Pelaku diketahui bernama Candra Simanjuntak (40), warga Dusun IV Desa Kota Rantang, Kecamatan Hamparan Perak. Berdasarkan keterangan awal, pelaku berprofesi sebagai pekerja serabutan.



Peristiwa tersebut segera dilaporkan kepada Asisten Afdeling, Koordinator Keamanan (Korkam), serta manajemen kebun untuk penanganan lebih lanjut.



Operasi pengamanan dipimpin langsung oleh Korkam Mayor (Purn) B. Lumban Raja, didampingi personel BKO Yon Kav 6 Pratu Muhammad Revi Prasetyo, serta petugas jaga wilayah yang terdiri dari Fachruzar Sani PA, Fiki Lakmana Putra, M. Irfan, dan Dwi Purnomo.



Keberhasilan pengungkapan ini kembali menunjukkan efektivitas patroli rutin yang diterapkan manajemen Kebun Tandem dalam menekan praktik pencurian hasil perkebunan. Pengawasan berlapis dan respons cepat personel di lapangan menjadi kunci utama dalam menjaga keamanan produksi sekaligus melindungi aset negara dari kerugian.

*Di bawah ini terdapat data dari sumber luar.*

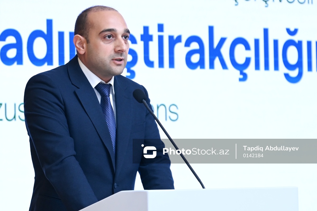 "Memarlıq və Şəhərsalma ili" çərçivəsində "Qadın iştirakçılığının təbliği" mövzusunda konfransda çıxış edən Kiçik və Orta Biznesin İnkişafı Agentliyinin İdarə Heyətinin sədr müavini Rüfət Atakişiyev.

Pihak manajemen menegaskan bahwa setiap aktivitas pencurian di lingkungan perkebunan akan ditindak tegas tanpa kompromi. Intensitas patroli dan pengamanan di titik rawan pun terus diperkuat guna memastikan stabilitas operasional kebun tetap terjaga.



{Team/ Faktainews.com}

Posting Komentar

0Komentar

Posting Komentar (0)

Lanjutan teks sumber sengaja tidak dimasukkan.